***** Data provided

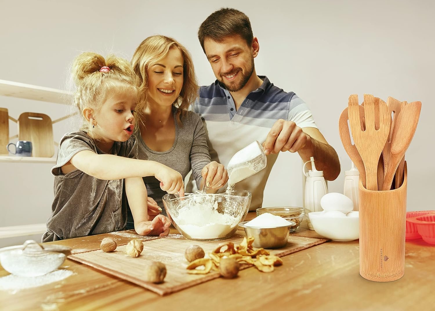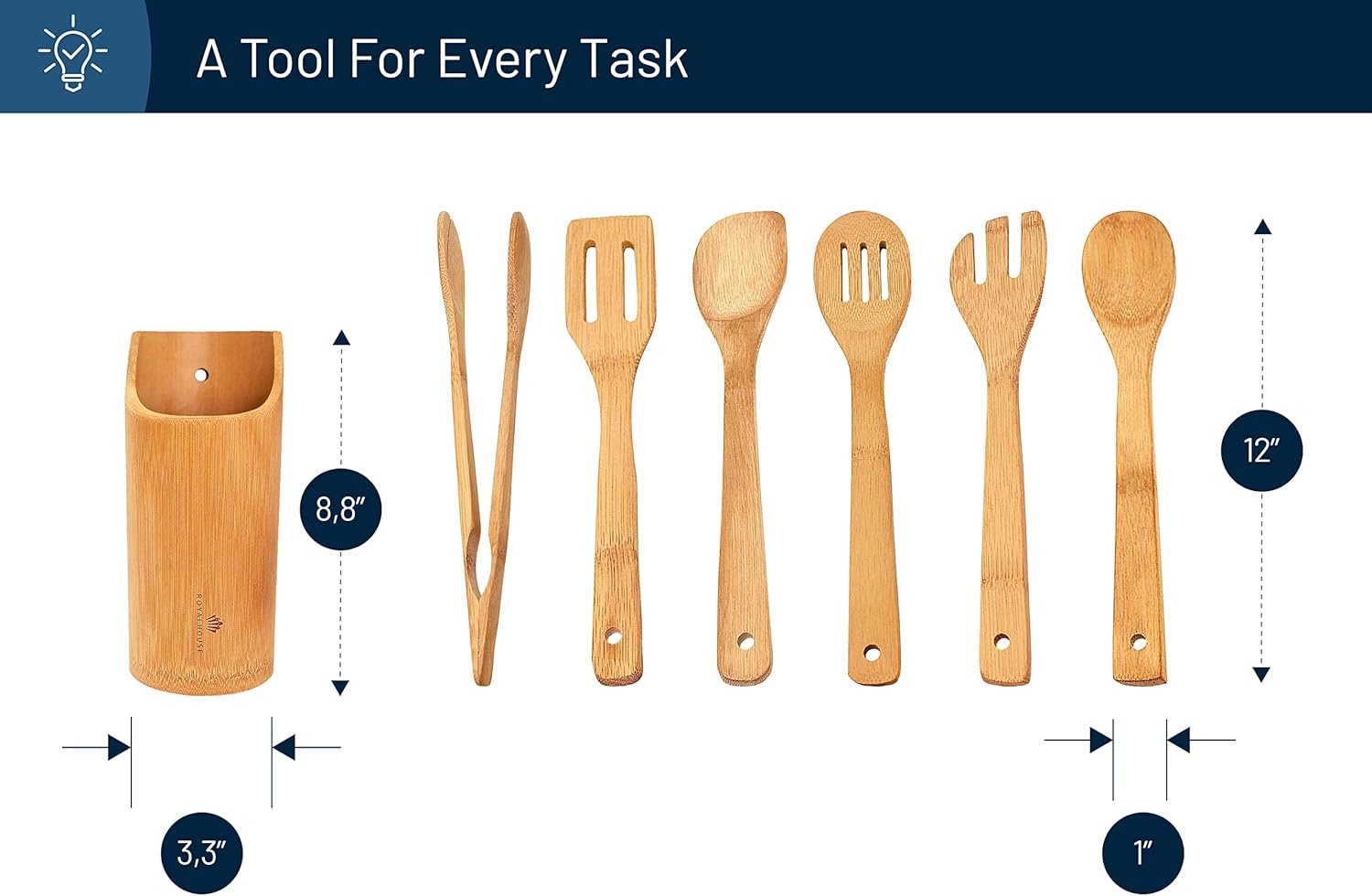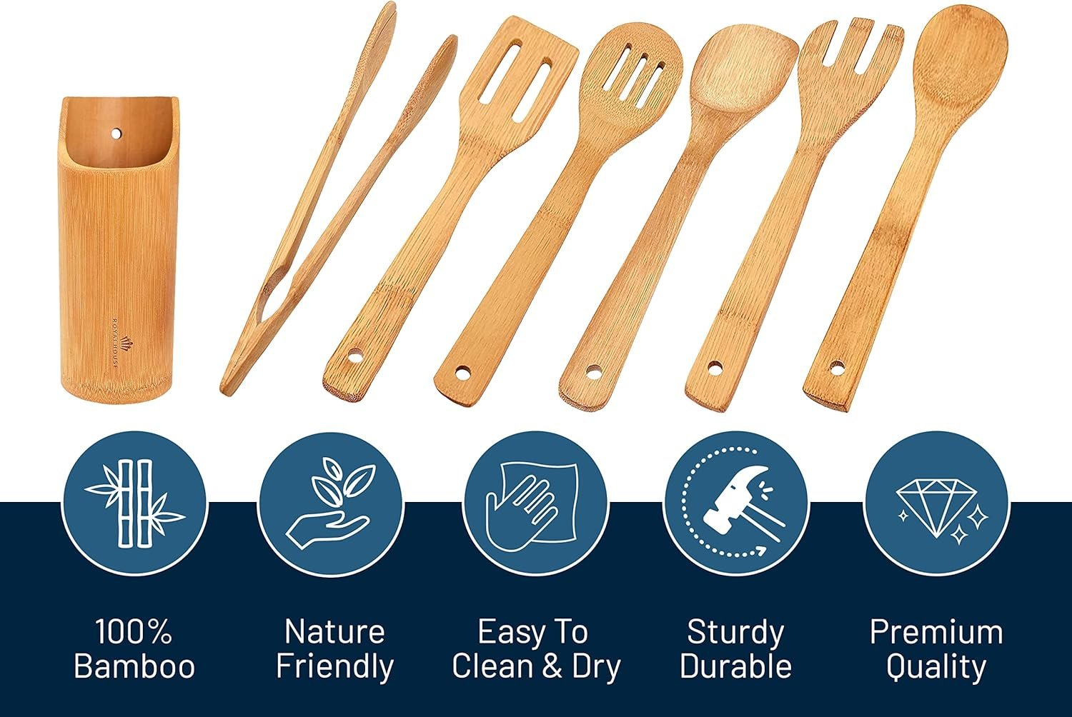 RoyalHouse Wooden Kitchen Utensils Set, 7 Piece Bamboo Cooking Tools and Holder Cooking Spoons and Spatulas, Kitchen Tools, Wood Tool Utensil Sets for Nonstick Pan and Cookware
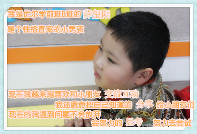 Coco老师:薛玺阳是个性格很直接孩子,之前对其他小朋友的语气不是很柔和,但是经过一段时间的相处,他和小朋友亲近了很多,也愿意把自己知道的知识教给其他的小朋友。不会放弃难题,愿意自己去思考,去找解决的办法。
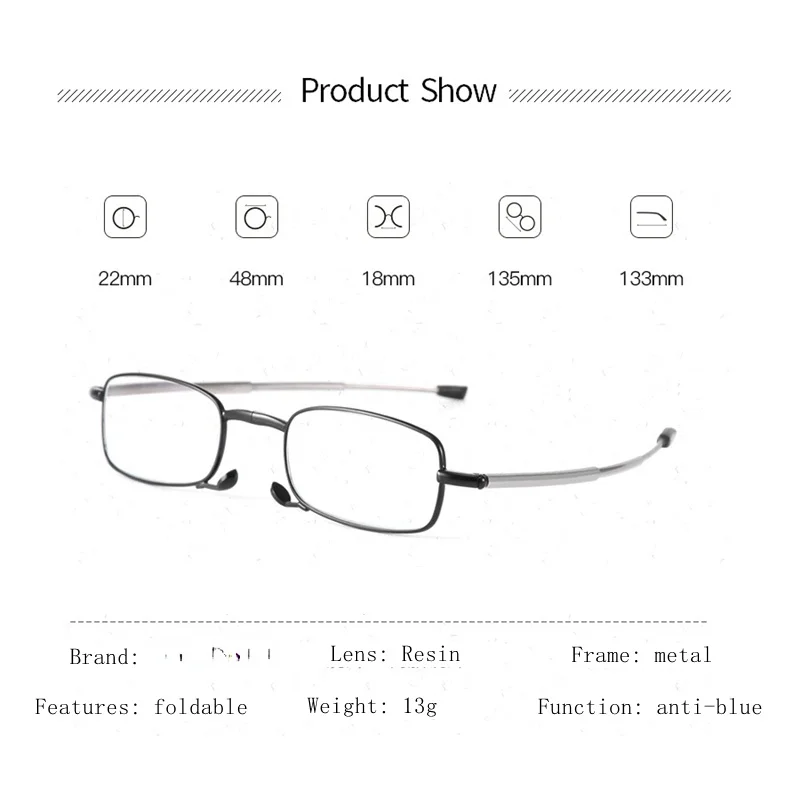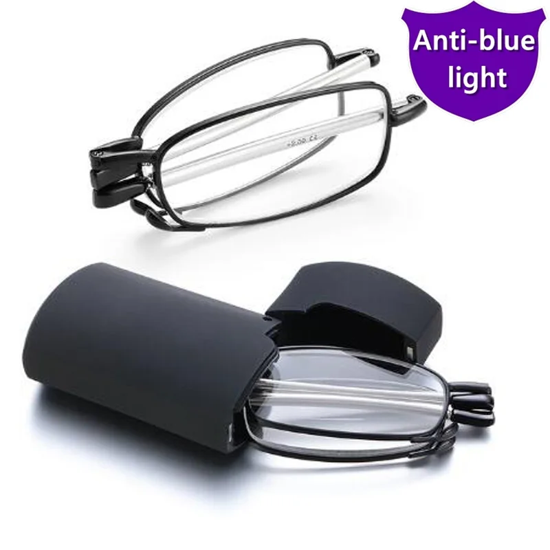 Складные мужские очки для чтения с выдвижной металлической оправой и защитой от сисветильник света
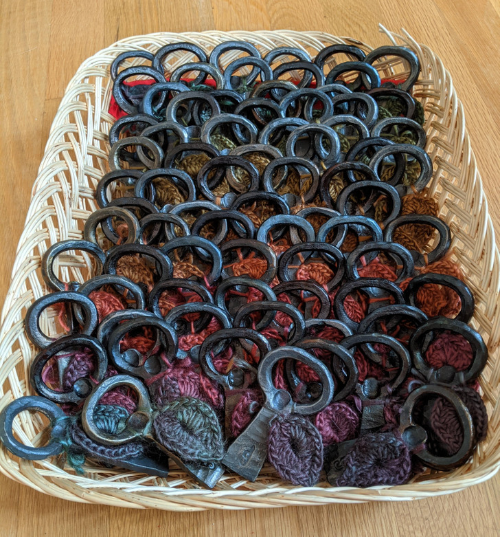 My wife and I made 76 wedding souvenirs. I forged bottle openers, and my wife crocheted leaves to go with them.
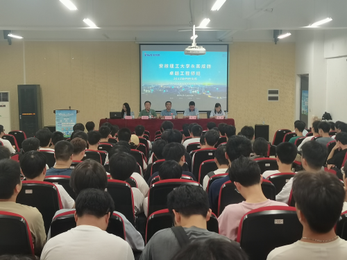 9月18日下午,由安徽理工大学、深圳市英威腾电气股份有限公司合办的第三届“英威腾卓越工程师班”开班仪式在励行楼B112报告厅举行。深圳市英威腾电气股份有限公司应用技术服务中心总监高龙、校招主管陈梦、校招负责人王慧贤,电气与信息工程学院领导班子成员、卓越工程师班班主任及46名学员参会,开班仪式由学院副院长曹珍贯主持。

**********
***** Data provided

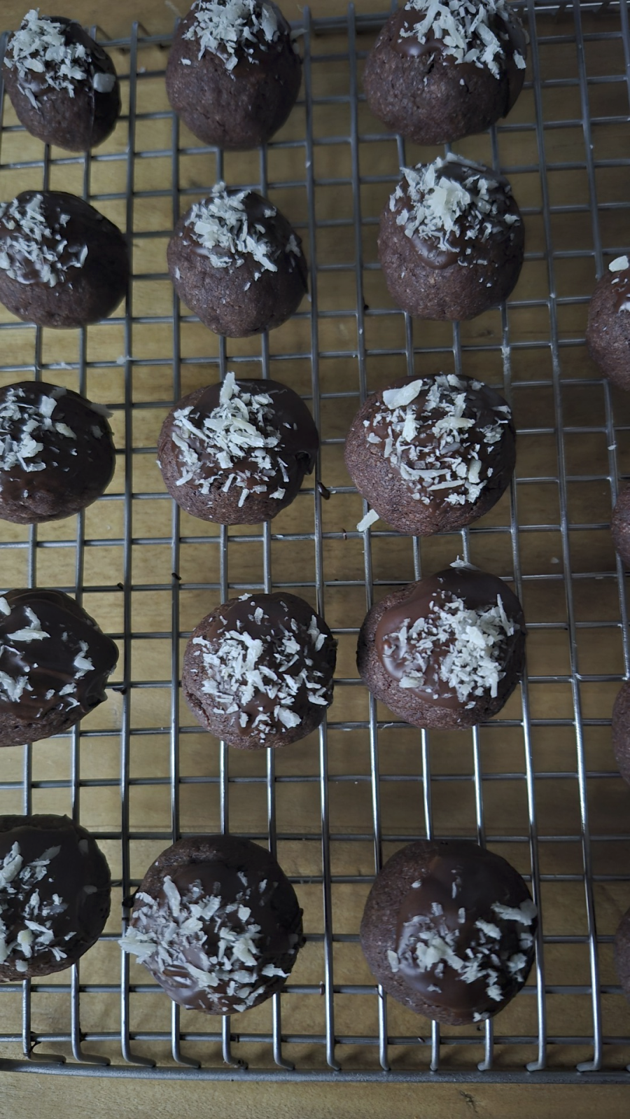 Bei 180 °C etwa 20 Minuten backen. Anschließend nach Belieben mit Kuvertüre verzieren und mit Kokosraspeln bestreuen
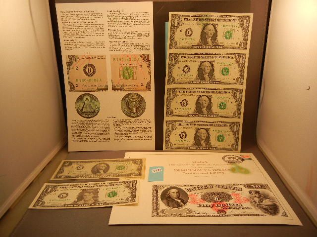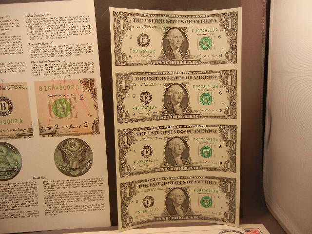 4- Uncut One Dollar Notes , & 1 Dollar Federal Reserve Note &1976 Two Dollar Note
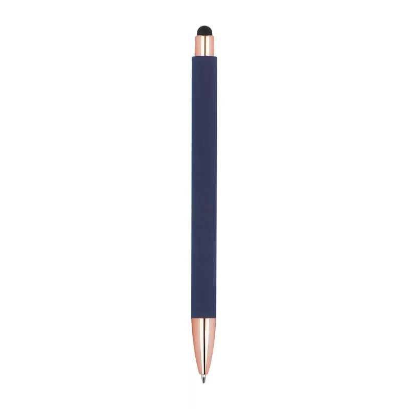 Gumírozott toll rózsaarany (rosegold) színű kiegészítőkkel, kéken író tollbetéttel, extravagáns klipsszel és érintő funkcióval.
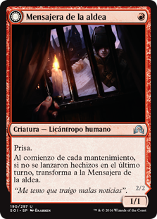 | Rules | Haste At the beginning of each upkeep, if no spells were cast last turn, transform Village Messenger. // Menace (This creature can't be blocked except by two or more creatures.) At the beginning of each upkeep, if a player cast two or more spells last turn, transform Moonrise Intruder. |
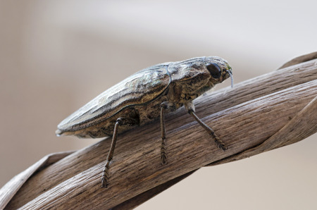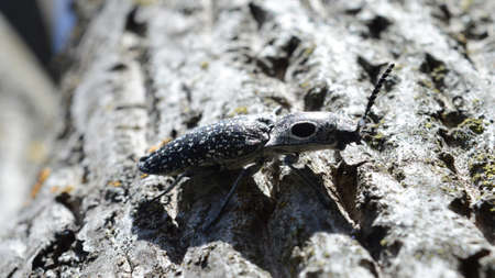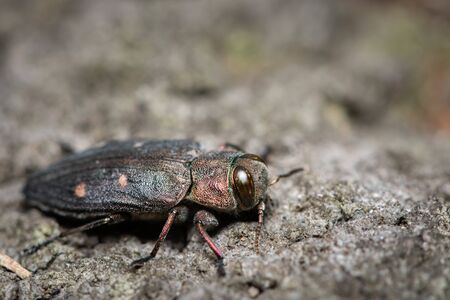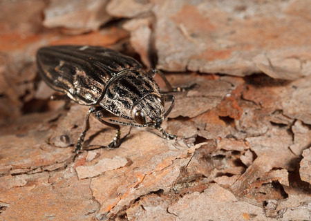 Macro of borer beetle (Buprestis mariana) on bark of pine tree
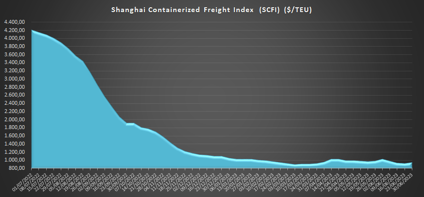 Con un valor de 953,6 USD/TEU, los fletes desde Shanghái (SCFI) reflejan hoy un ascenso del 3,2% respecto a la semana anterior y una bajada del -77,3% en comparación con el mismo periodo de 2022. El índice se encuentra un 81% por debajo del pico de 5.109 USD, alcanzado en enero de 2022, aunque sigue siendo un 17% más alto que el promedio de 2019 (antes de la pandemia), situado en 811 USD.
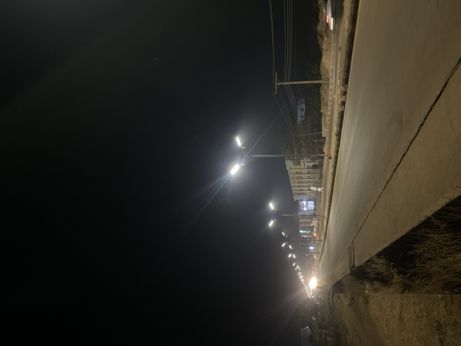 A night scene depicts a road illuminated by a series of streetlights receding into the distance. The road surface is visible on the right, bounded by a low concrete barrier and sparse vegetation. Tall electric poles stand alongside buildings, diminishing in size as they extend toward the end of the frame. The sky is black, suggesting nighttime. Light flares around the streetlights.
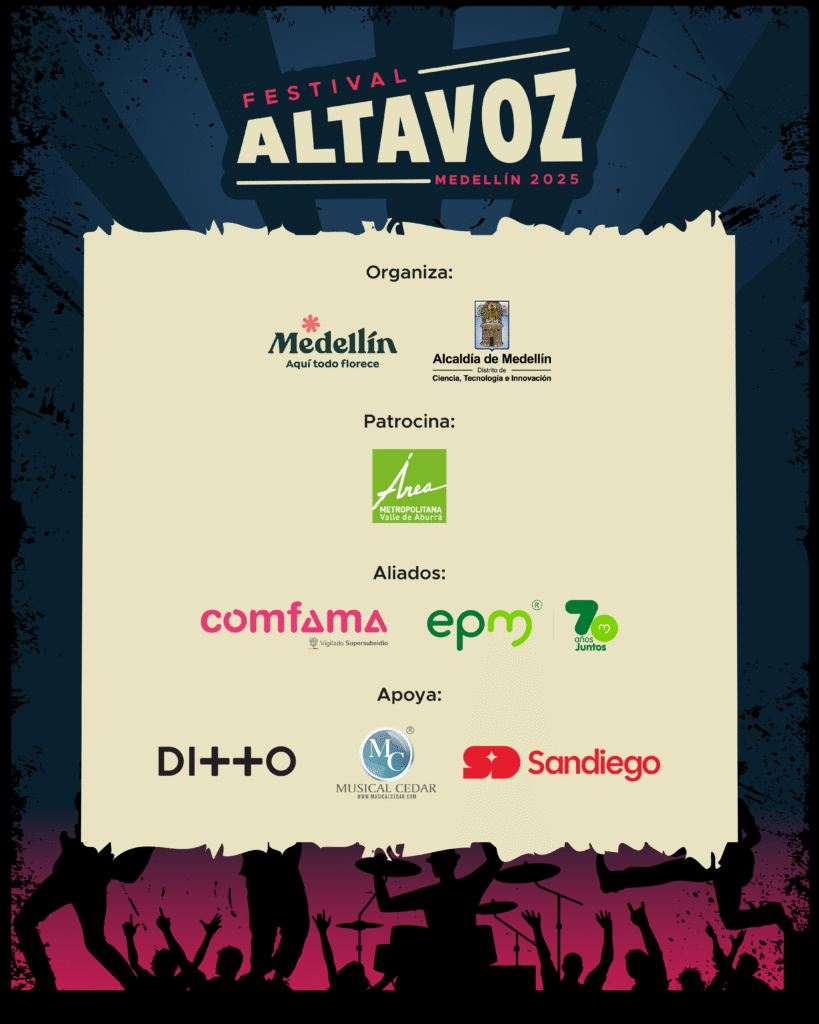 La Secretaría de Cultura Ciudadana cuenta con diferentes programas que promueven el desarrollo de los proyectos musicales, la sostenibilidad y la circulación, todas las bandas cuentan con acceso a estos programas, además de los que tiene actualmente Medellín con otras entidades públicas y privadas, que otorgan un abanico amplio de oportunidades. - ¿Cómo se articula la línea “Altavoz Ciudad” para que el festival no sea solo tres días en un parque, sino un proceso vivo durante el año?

**********
***** Data provided

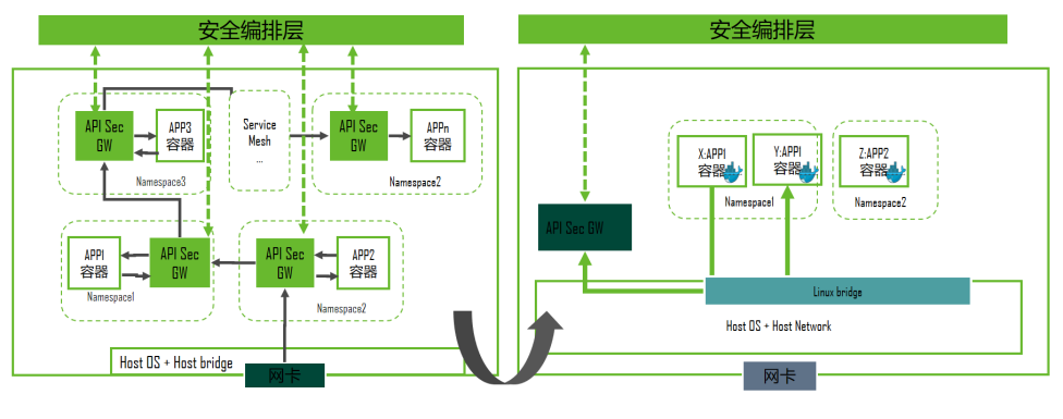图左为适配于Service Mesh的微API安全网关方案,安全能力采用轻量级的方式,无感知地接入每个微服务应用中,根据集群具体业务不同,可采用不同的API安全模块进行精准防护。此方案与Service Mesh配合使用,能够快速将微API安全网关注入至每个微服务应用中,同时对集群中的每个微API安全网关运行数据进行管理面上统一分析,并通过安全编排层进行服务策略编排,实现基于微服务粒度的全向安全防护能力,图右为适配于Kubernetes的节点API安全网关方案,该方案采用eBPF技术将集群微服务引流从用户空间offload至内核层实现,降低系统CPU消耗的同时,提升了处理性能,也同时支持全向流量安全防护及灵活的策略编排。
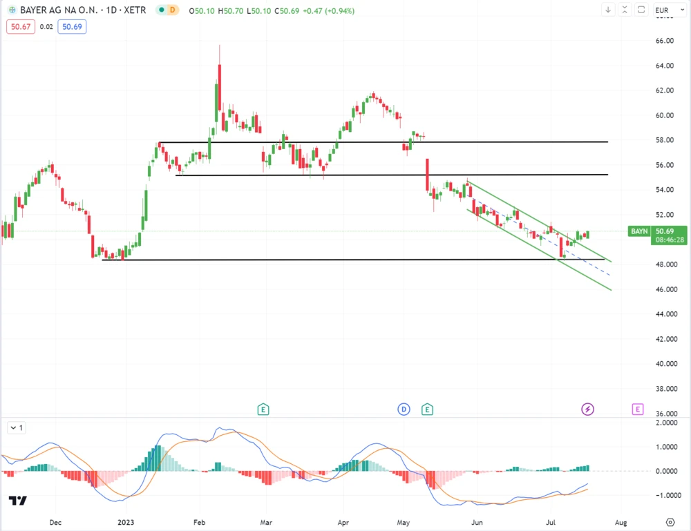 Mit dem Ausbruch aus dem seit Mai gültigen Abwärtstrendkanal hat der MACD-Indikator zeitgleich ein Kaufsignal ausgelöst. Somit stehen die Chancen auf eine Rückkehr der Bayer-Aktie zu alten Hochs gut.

**********

*Work task*:
In the entries above, which lines run from the one with "Moonrise Intruder. |" up to and including the one with "Macro of borer"? Write them out exactly, without the pictures.

*Exercise output*:
 | Rules | Haste At the beginning of each upkeep, if no spells were cast last turn, transform Village Messenger. // Menace (This creature can't be blocked except by two or more creatures.) At the beginning of each upkeep, if a player cast two or more spells last turn, transform Moonrise Intruder. |
 Macro of borer beetle (Buprestis mariana) on bark of pine tree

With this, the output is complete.